There’s one area I’d still like to look at, and that’s the claims that the bill has been amended and improved during its passage through the House of Lords, and that it is somehow as a result now fit for purpose. This is an especially relevant area to examine because, as I write, a furious campaign (with the emphasis on “furious”) is being waged by the Saatchi team to browbeat Parliament into giving the bill extra debating time in the Commons, based at least in part on the assertion that the bill has already been properly debated and amended by the Lords.

In this post, I’ll show that the claim that the bill is now fixed is as false as all the other claims that Saatchi and his team have made for their bill.

First port of call is to note that none of the medical, medical protection, research and patient organisations that were opposed to the bill at the outset have changed their minds. They’ve seen the amended bill, and they believe it is stillunfit for purpose. It still attempts to solve the wrong problem, in the process putting patients at risk by kicking away their protections.

So what did happen in the House of Lords, and why might it all have gone wrong?

I’m going to use as my starting point these statements made by Lord Saatchi via the bill’s “media partner” (The Telegraph) just after the bill cleared the Lords:

It has been roundly debated, challenged, amended, honed, tightened, clarified and improved by my colleagues on all sides of the House. Honest opposition to elements of it — no one has objected to the principle of the legislation — have now had their concerns met.

I’m particularly grateful to the Labour front bench and Lords Winston and Turnberg — both eminent doctors; Lord Pannick QC, a renowned legal mind; and Lord Hunt, who comes from a stellar medical background. They have debated the Bill and laid helpful amendments that have strengthened it.

First comment here: Saatchi uses a sleight of hand when he says “no one has objected to the principle of the legislation”. The only principle he can truthfully be referring to here is the encouragement of responsible innovation. Since everybody wants that, he describes everybody as supporting the principle of the legislation. That doesn’t really give us a true picture, because it seriously misrepresents the nature of the opposition, who aren’t against innovation, they’re against the method Saatchi wants to use to try to stimulate it. They think it will be at best ineffective and at worst actively harmful.

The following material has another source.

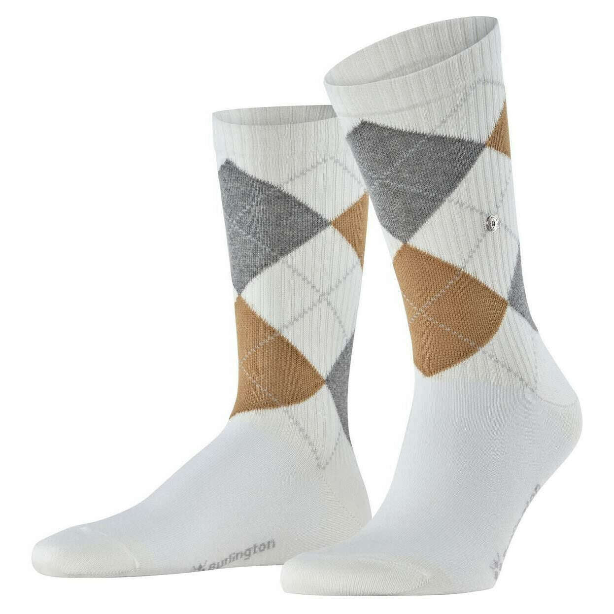 Designer Burlington have brought you these men's 77% cotton, 21% polyamide and 2% elastane socks using off white tones. Also the off white socks are designed in a argyle pattern, It is recommended to wash at 40 degrees to keep these socks in good condition. All the socks come complete with burlington sock tags. The Burlington Rib Court Socks - Off White come with an elegant fine ribbed structure for a trendy look. These soft cotton socks deliver a secure, flexible fit without ever feeling tight. The classic check pattern forms a perfect symbiosis with the fine ribbing and the iconic Burlington clip. Whether you re heading to work, running errands, or dressing up for the evening, these sustainable socks provide that perfect blend of comfort, class, and long-lasting wear.

What he’s doing here is like me saying to you “I plan to solve the housing crisis by burning down all the trees. Everybody supports the principle of my argument (solving the housing crisis), therefore everybody agrees with my plan (burn down all the trees).” The opposition, which Lord Saatchi airily waves away as “dishonest”, has been covered in detail elsewhere, so I’m not going to revisit it again now.

Instead, let’s look at the claim that the bill has been “debated, challenged, amended, honed, tightened, clarified and improved by my colleagues on all sides of the House.” Beyond the abuse of his thesaurus, what is Saatchi telling us here, and can we check to see if it’s true?

When I started writing this article, it was with the intention of going through every amendment, analysing each for its purpose, summarising the debate around it in the House of Lords, recording its final fate, and then seeing if its message related to the ongoing concerns of the medical, medical protection, patient and research organisations who still oppose the bill. After about 3000 words, though, it became clear that to go through every amendment in such detail would result in an analysis even longer than the text of the House of Lords transcripts it was based on, and you’d still need to go through those transcripts yourself if you wanted to be sure I was representing them to you correctly. You’ve been very patient with me so far, but that seemed to be pushing my luck. It would also have taken me until the heat death of the universe to finish, so I’ve decided to try a different tack.

What I’m going to do instead is some numberage.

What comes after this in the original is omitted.